Son como el periódico del pueblo, siempre le conceden un lugar al mañana:
—Ayer se casó Juana.
—¿Cómo va a ser?
—Sí. Juana fue con sus amigas al baile. Yo las vi pasar en la noche: eran cuatro las que iban, pero en la madrugada pasaron tres. Las cuentas estaban malas, faltaba Juana.
— ¿Se casó con un forastero o con uno del pueblo?
— Por ahí se dice que fue con uno del pueblo.
—Mañana ya sabremos.
Hay instantes en que las anécdotas reposan y un mutismo las invade, y es cuando darle “manducazos” a la ropa resulta para las lavanderas una especie de terapia si recuerdan una voz, pensamiento o canción que las atormente o incomode. Cada prenda de vestir que “manduquean” —apalean— simboliza lo que se olvida por un rato o lo que se quiere dejar atrás por un tiempo indefinido. El manduco —pieza de madera—, además de ser clave para despercudir las vestiduras, viene siendo como un mantra.

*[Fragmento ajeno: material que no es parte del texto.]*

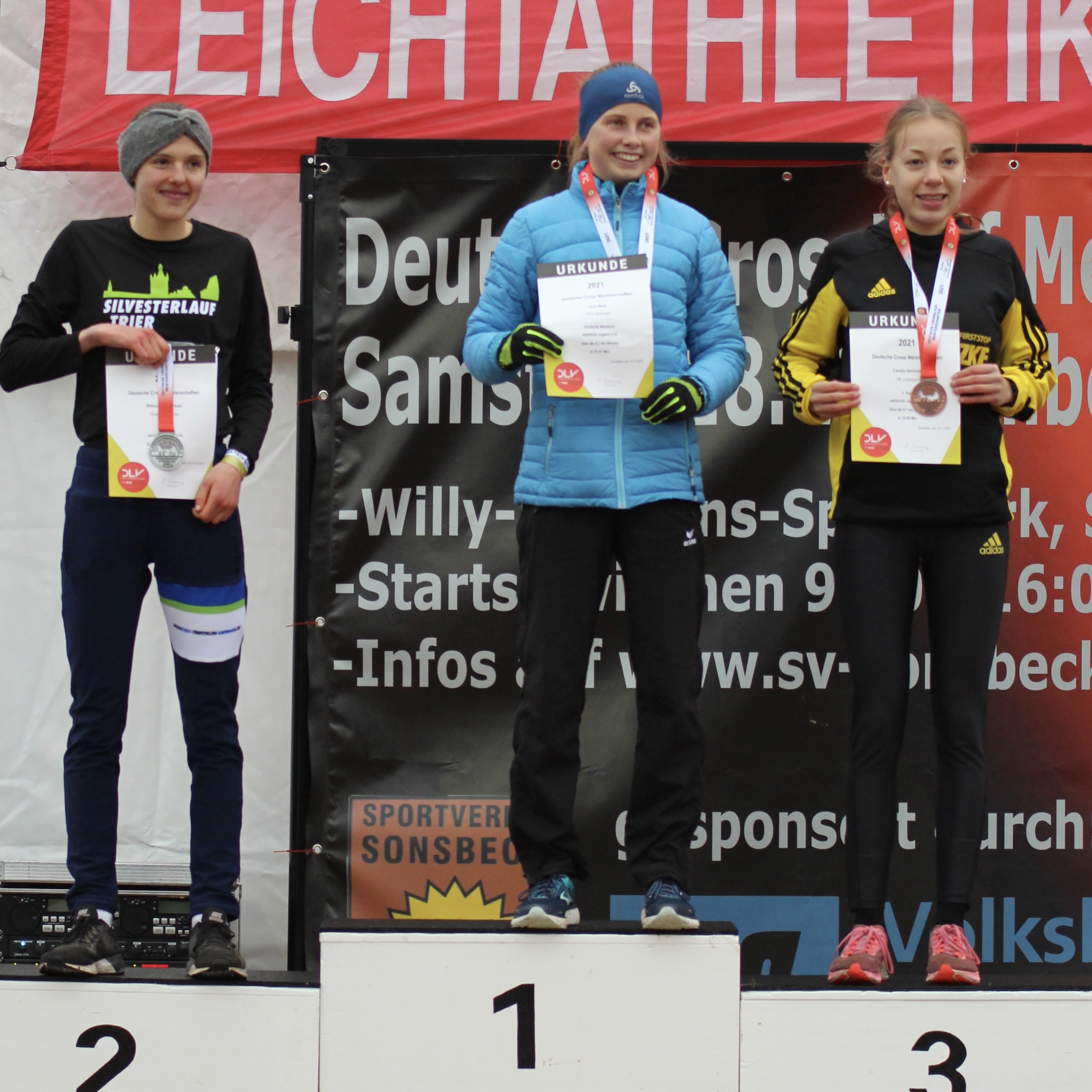 Kira Weis ist auch durch den Matsch am Niederrhein nicht zu schlagen und gewinnt souverän den Deutschen Meistertitel in der U18. Zusammen mit Pia Kircher und Lisa Maisch in der Mannschaftswertung steht die Gerlinger Athletin zum schon dritten Mal in dieser Saison ganz oben auf dem Treppchen.

“Cuando me quedo en silencio es porque se me viene a la mente hacerles el desayuno a los niños que se van para el colegio y dejar la casa ordenada para irme luego al colegio a vender agua”, comenta Iris.

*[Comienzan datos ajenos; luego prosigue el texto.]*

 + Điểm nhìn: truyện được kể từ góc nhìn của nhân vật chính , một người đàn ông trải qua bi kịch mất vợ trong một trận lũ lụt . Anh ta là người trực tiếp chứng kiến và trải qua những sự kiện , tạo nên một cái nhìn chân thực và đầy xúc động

“Pienso en conseguir el pescado y el arroz”, manifiesta Melva Medina, mujer de 54 años que tiene los brazos tonificados por la fuerza con que emplea el manduco.
Las lavanderas detienen la faena por un rato al divisar que los pescadores se acercan a la orilla para preguntarles si la pesca estuvo buena o mala. Rodean a un pescador veterano al que llaman ‘Juve’ y le lanzan una pregunta:
—Ajá, ¿cómo le fue hoy?
—Vine contento.
Aunque, cuando la jornada estuvo pésima, los pescadores responden a dicha pregunta con dos palabras: “trajimos cansancio”.

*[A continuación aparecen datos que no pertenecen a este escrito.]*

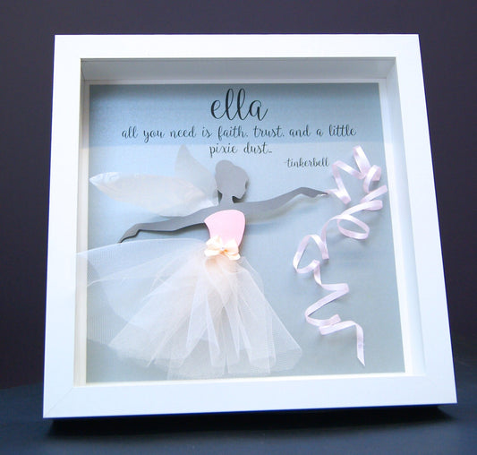 Personalized Baby Girl Name Frame with Fairy Tinkerbell & Pixie Dust

La ciénaga de Zapayán es un punto de encuentro para ponerse al día, un escenario construido donde se mira y narra el diario vivir y confluyen todos en paz: los que van a buscar agua para llevarla a casa, los niños que juegan, las garzas vigilantes que se posan en la punta de las canoas, los valerosos pescadores y las lavanderas pujantes.
Día tras días, ante la falta de un sistema de acueducto, hacen de este arduo oficio una tradición de más de 100 años que se alimenta de las historias paridas por la cotidianidad.
Mientras se acomoda su ponchera llena de ropa limpia sobre la cabeza, ya lista para irse a casa, Iris Fontalvo alza su voz y suelta una frase: “Ni si me regalan una lavadora dejaré de venir a la ciénaga”.
Nos es lavar por lavar, es también contarse historias en el agua, historias que no se borran del cuerpo ni de la memoria colectiva.